Letters from Armorica- Hard Time (17 September 35 AF)

First Letter

Dear Journal,

I've written little over the last three weeks because there has been little to write. I have had arrows from Amelie in Bois-de-Bas and Jack in Mont-Havre (the latter via M. Suprenant, of course). All is well at home, though I am greatly missed. Jack meanwhile says that Lord Doncaster has as yet heard nothing from Cumbria about Trout, but he hardly could have after so little time; and he assures me that the Farm is being watched and that Bertrand and I are perfectly safe. There is a rail along the front of the porch, and I am to hang a cloth on it if I am in need of immediate assistance during one of Trout's visits.

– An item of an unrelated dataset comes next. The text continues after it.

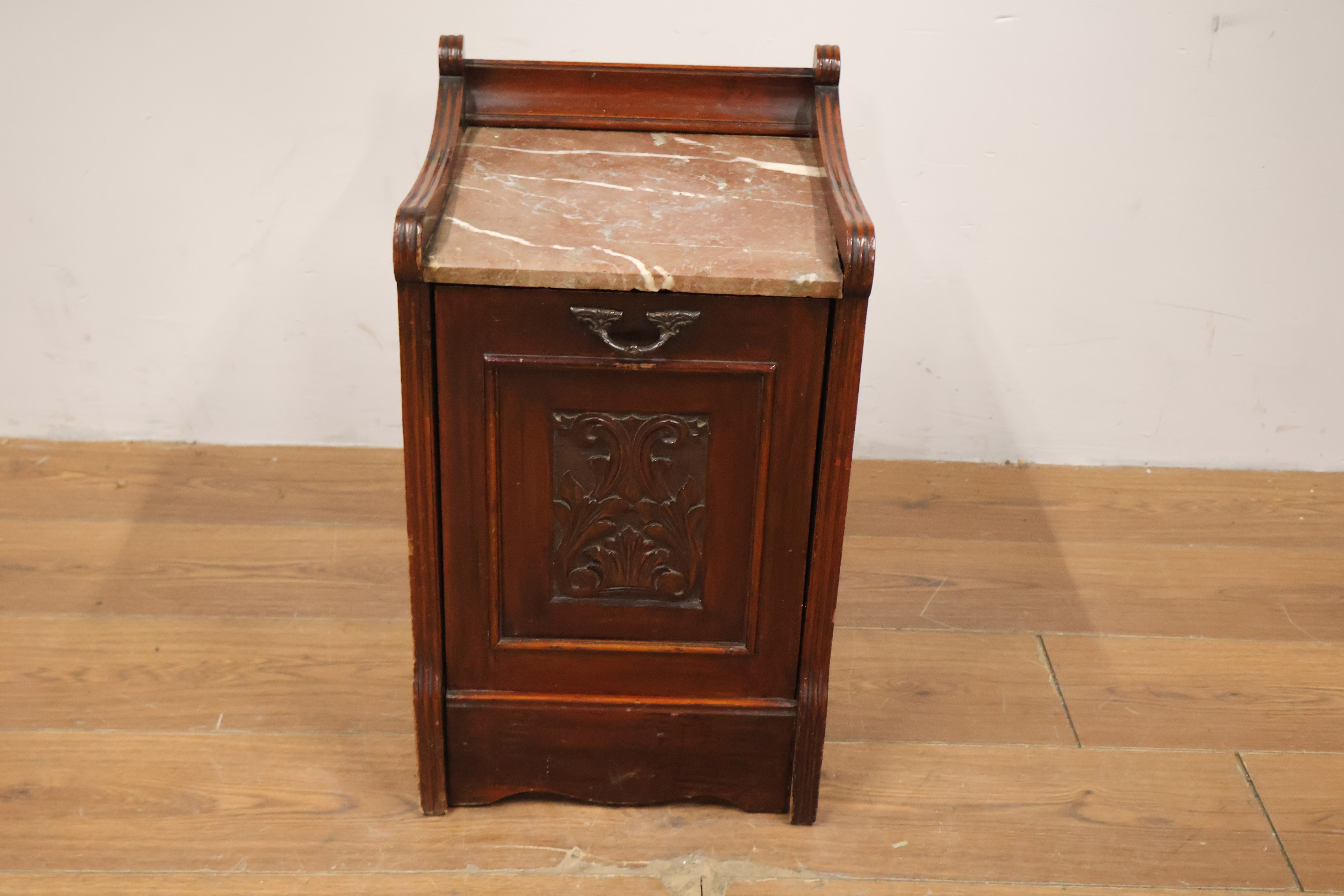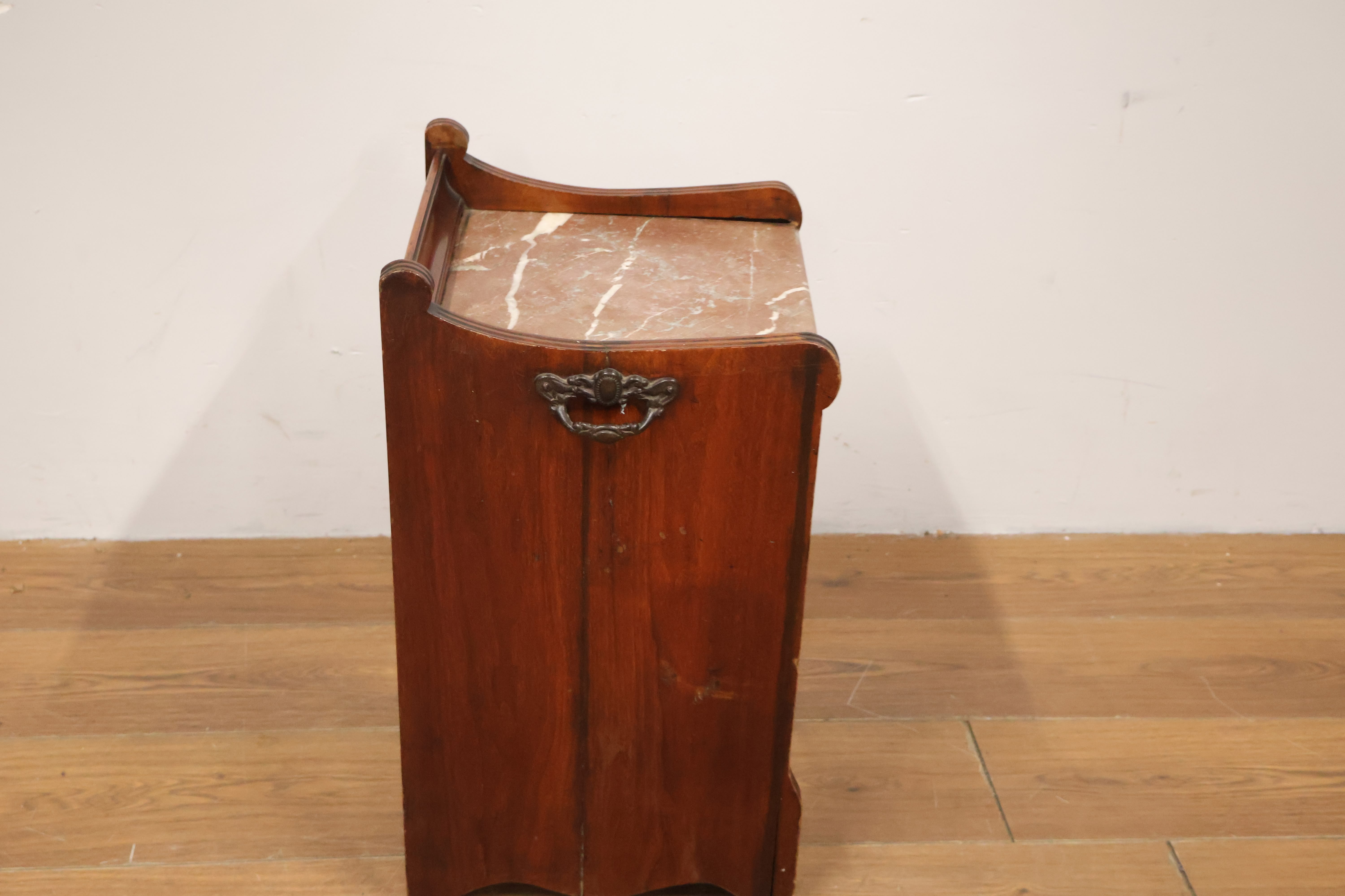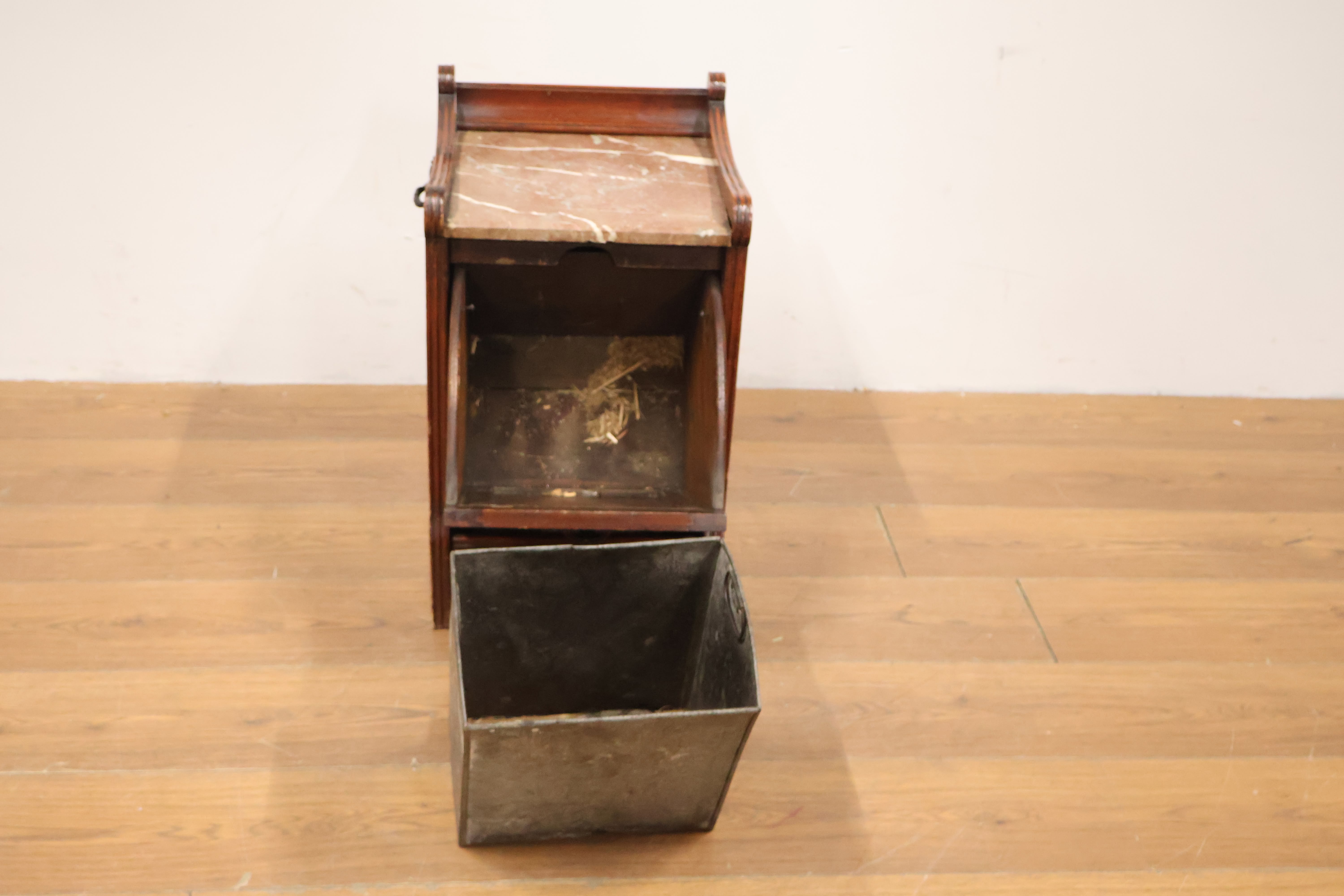 Antieke Kolenkittafel met Marmeren Blad & Metalen Binnenbak

Trout has continued to visit each week, and if his purpose remains inscrutable at least he has brought us a few more supplies: especially, we now have a lamp and whirtleberry oil so that we need no longer sit by the fire in the evenings. This is a significant blessing in this weather. I have done no building and made no models, for I have little in the way of raw materials, not without taking the farm house or the out-buildings to bits.

The real difficulty lies in not succumbing to a fatal boredom. I have been teaching Bertrand to read (not that the available reading material is of the best); and I have scratched out a chess board on the top of the farmhouse table, and we have had many a game of chess and checkers through the long evenings. We even have reasonably good chess men that I formed from small stones: crude, for I am no sculptor, but recognizable. Fortunately, the chess men are not necessarily either generous or greedy, and so their presence will not throw off my trials.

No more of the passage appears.